Data center power is a scarce resource that often goes underutilized due to conservative planning. This is because the penalty for overloading the data center power delivery hierarchy and tripping a circuit breaker is very high, potentially causing long service outages. Recently, dynamic server power capping, which limits the amount of power consumed by a server, has been proposed and studied as a way to reduce this penalty, enabling more aggressive utilization of provisioned data center power. However, no real at-scale solution for data center-wide power monitoring and control has been presented in the literature.

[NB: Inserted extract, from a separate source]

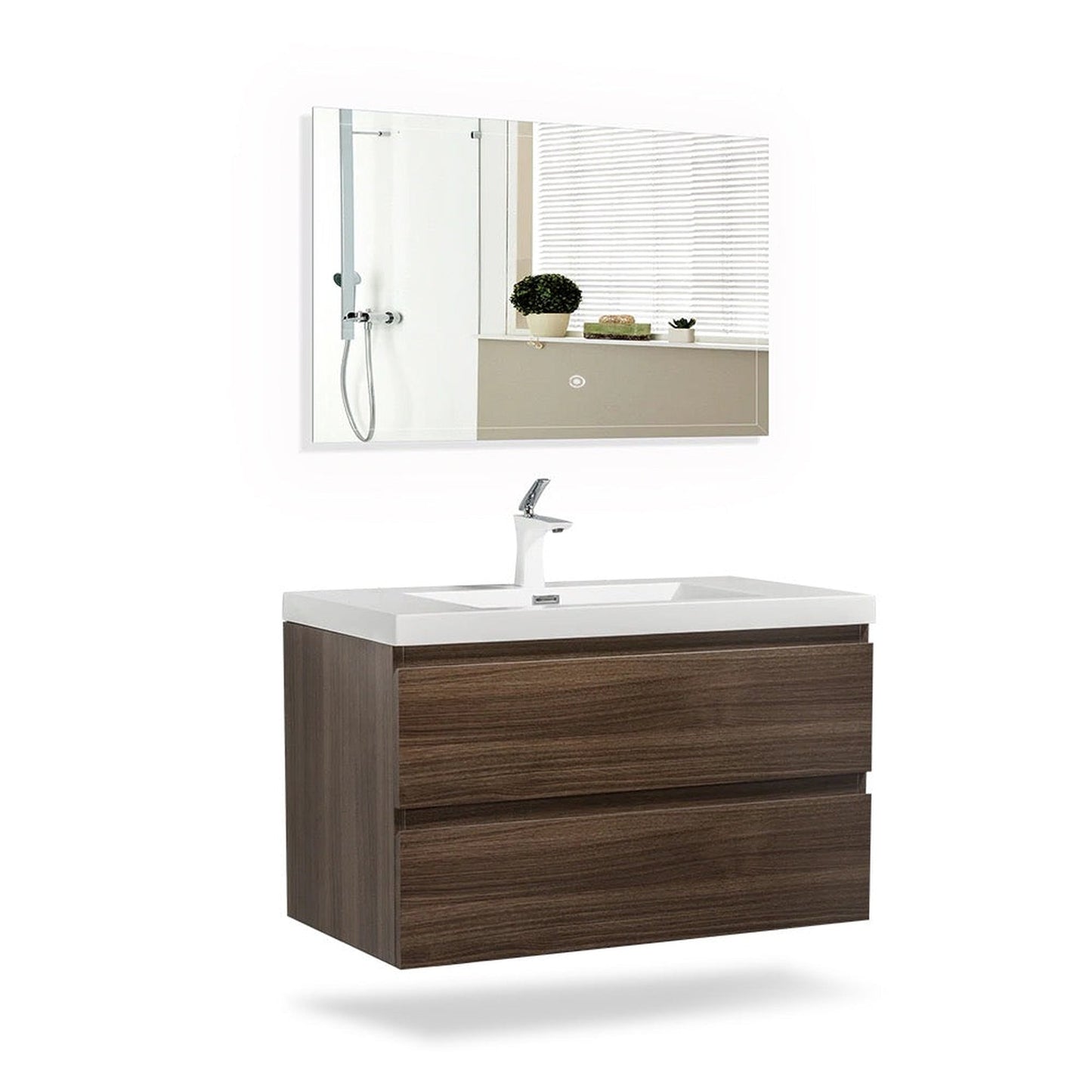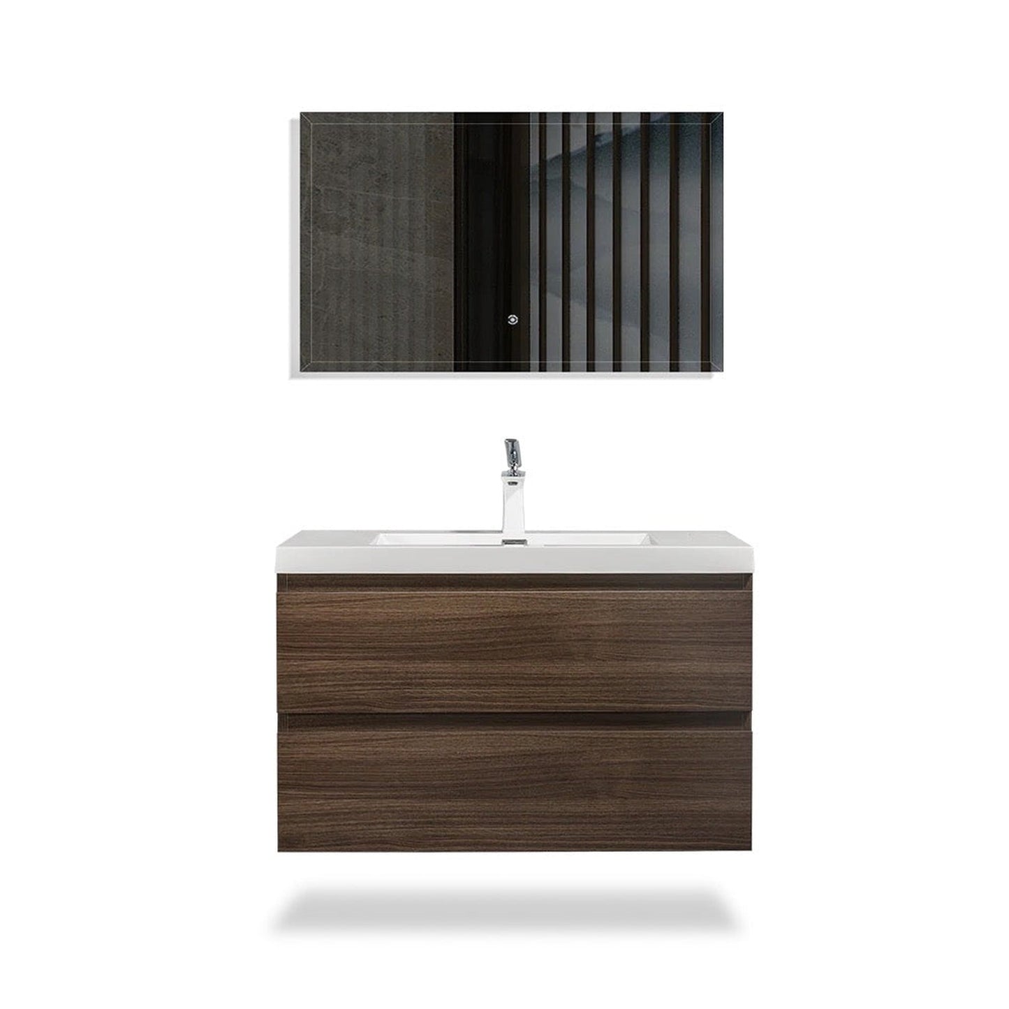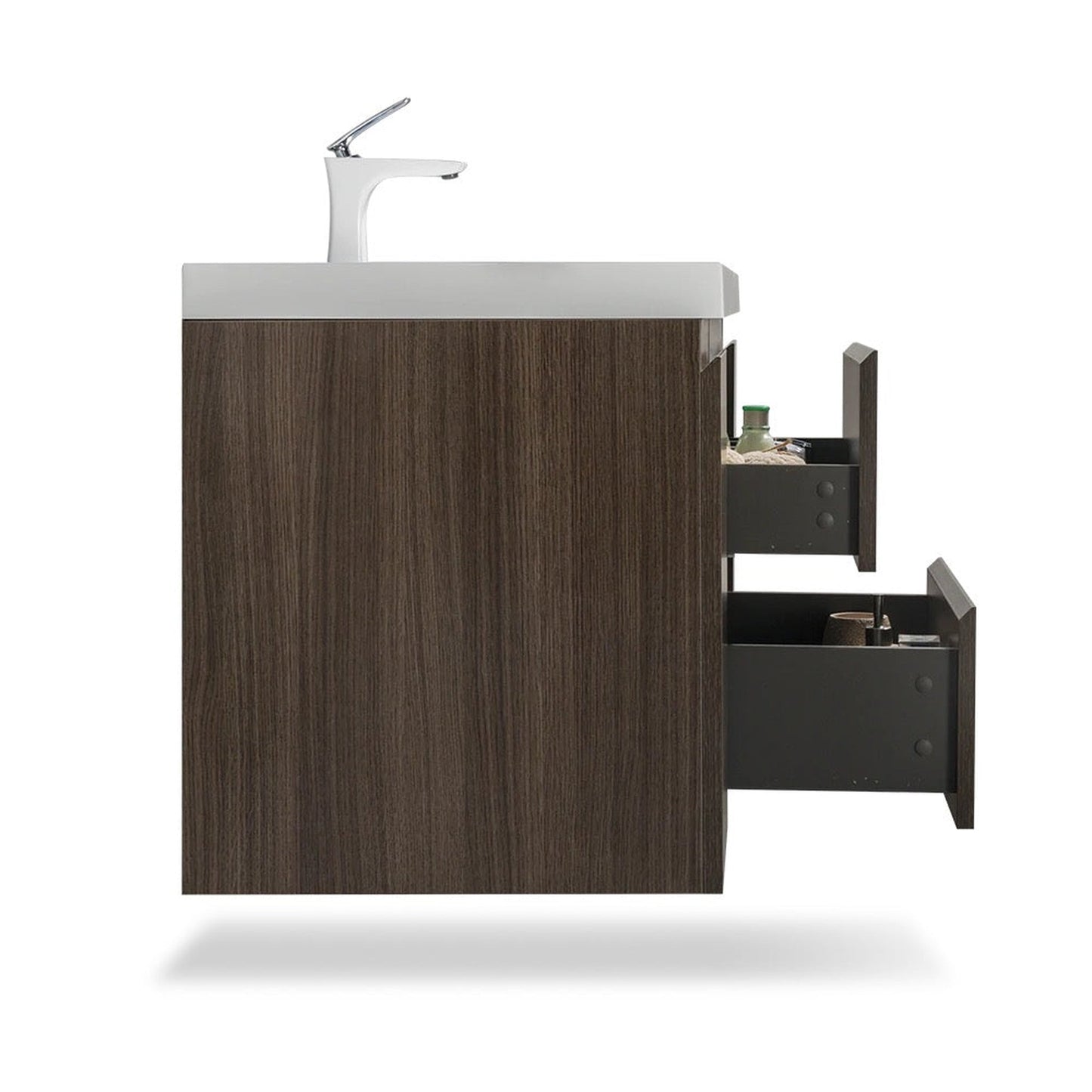 TONA Angela modern wall-mounted bathroom vanity has an integrated sink. With the patented design of drainage, the cabinet has plenty of storage space for all of your washing items. You will also discover a lot of amazing details in the design.

In this paper, we describe Dynamo – a data center-wide power management system that monitors the entire power hierarchy and makes coordinated control decisions to safely and efficiently use provisioned data center power. Dynamo has been developed and deployed across all of Facebook’s data centers for the past three years. Our key insight is that in real-world data centers, different power and performance constraints at different levels in the power hierarchy necessitate coordinated data center-wide power management.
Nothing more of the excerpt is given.